More than any other factor the Arab-Israeli conflict has colored Middle Eastern studies in a rather unfortunate way. The main academic forum for the study of the Middle East, the Middle East Studies Association of North America, founded in 1966, has come under increased criticism for its alleged anti-Israeli attitudes, long before the emergence of the so-called “Islamic threat”. Debate rages between two groups of experts: those who are concerned about safeguarding a minimum degree of academic independence within the universities, and those who warn of a growing Islamic threat as the major force seeking to undermine Western values of democracy and freedom. Developments since September 11 have tended to favor the latter tendency with the prevailing security concerns and the political ascendancy of the neo-conservatives. Among the possible repercussions on the field one might mention the possible diversion of funding from the universities, usually considered to be the hot-bed of leftist or liberal intellectuals, to the more cooperative and docile think tanks. Another possible repercussion on academia might be a tighter control by the government over funds allocated to Middle Eastern studies. Lately the House of Representatives, after intensive lobbying by the neo-conservatives who argue that Middle Eastern studies in the U.S. tend to be anti-Israeli and anti-American, adopted a bill that would create an advisory board to ensure that federal money is well spent. Many members of the academia have already expressed their fears that the presence of such an advisory board might limit their freedom in both teaching and research.
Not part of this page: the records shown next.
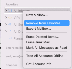 Thanks for chiming in...my point is: I didn't create any favorites...I merely import from another Mac via migration which had just mailboxes, send, flagged, junk, and trash. So, I deleted that and recreate accounts again (that turned into a headache) downloading 23,000 email from 2016. Then., the repeated asking for password every couple of weeks despite only myself can log in via biometric. What's the sense of the Internet account in the system and the finger ID then?I think you just don't understand what you're looking at.
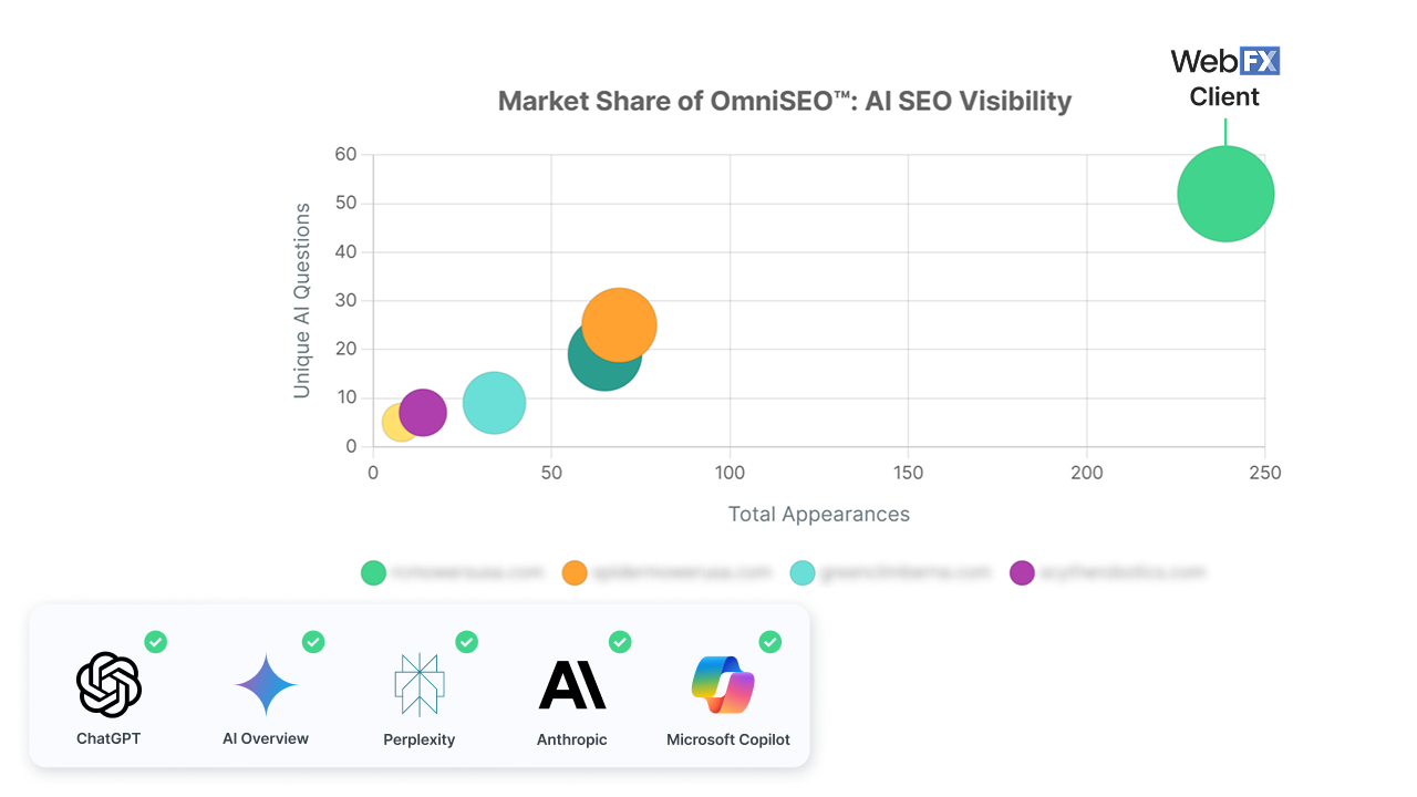 This client didn’t wait for generative AI to disrupt their industry — they moved first. While others stayed focused solely on traditional SEO, they partnered with WebFX to explore how AI search could expand their reach and influence early-stage buyer research. With OmniSEO®, they didn’t just gain visibility across platforms like ChatGPT and Perplexity — they secured a measurable edge in the competitive world of commercial landscaping equipment.
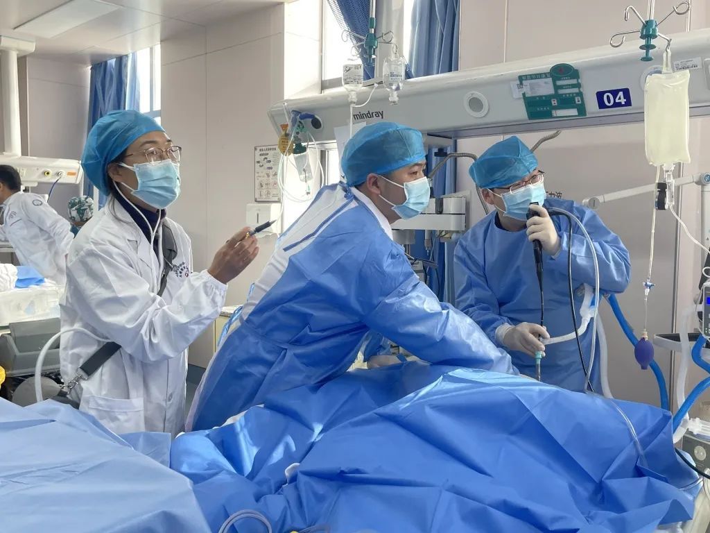 “一到这里,我们就马上投入救援工作,有的同事因高原反应强烈,还需要吸着氧做手术。”狄扬说,在抵达医院后,他与医疗队员们前往各自科室了解伤员情况,有3名重症患者被分诊到了他所在的普外科,其中有1名危重的多发伤患者。“这是一名40多岁的男子,在地震中被石头砸中,骨盆多处骨折还有移位,腹部出血,出血量一直很大。”在与当地医生进行病例讨论后,狄扬决定与介入科医生马晓云,连夜为患者进行一场微创介入手术。

Actually the proponents of this bill known as bill HR 3077 have made it clear that they prefer federal money to be used not so much in research or recruiting new faculty but rather in raising the number of graduate students with practical expertise on the Muslim world with the hope that they would join government service.

But events after September 11 have also prompted the Federal authorities to allocate additional funds for the promotion of a better knowledge of the Middle East. Perhaps the most important U.S. government program is the Fulbright Scholar Program which has brought an increasing number of scholars from the region to American colleges and universities. Sometimes these Fulbright scholars from abroad contribute to a growing awareness of Middle Eastern issues among their American colleagues and occasionally, the presence of a Middle Eastern Fulbright visitor encourages a university or a college to hire someone in the field. More recently, and as a result of the terrorist attacks of September 11, the Fulbright program has launched a new short-term formula by which U.S. colleges are allowed to enrich their international programs by having a Muslim scholar on their campus for a period that does not exceed 6 weeks. So in the few years to come Middle Eastern Studies might witness the granting of additional federal and corporate funds even if the use of these funds might become function of the government’s present priorities in its war on terrorism.

 

Short Bibliography

Richard Bulliet, “Rhetoric, Discourse and the Future of Hope” in Aslam Syed ed., Islam: Enduring Myths and Changing Realities, published in The Annals of the American Academy of Political and Social Science, vol. 588 (July 2003), pp. 10-17.

Fawaz A. Gerges, “Islam and MU.S.lims in the Mind of America” in Aslam Syed ed., Islam: Enduring Myths and Changing Realities, published in The Annals of the American Academy of Political and Social Science, vol. 588 (July 2003), pp. 73-89.

Amin Seikal, Islam and the West: Conflict or Cooperation? Palgrave, NY, 2003.

Wilson, Evan M., Decision on Palestine: How the U.S. Came to Recognize Israel, Hoover Institution Press, Stanford, California, 1979.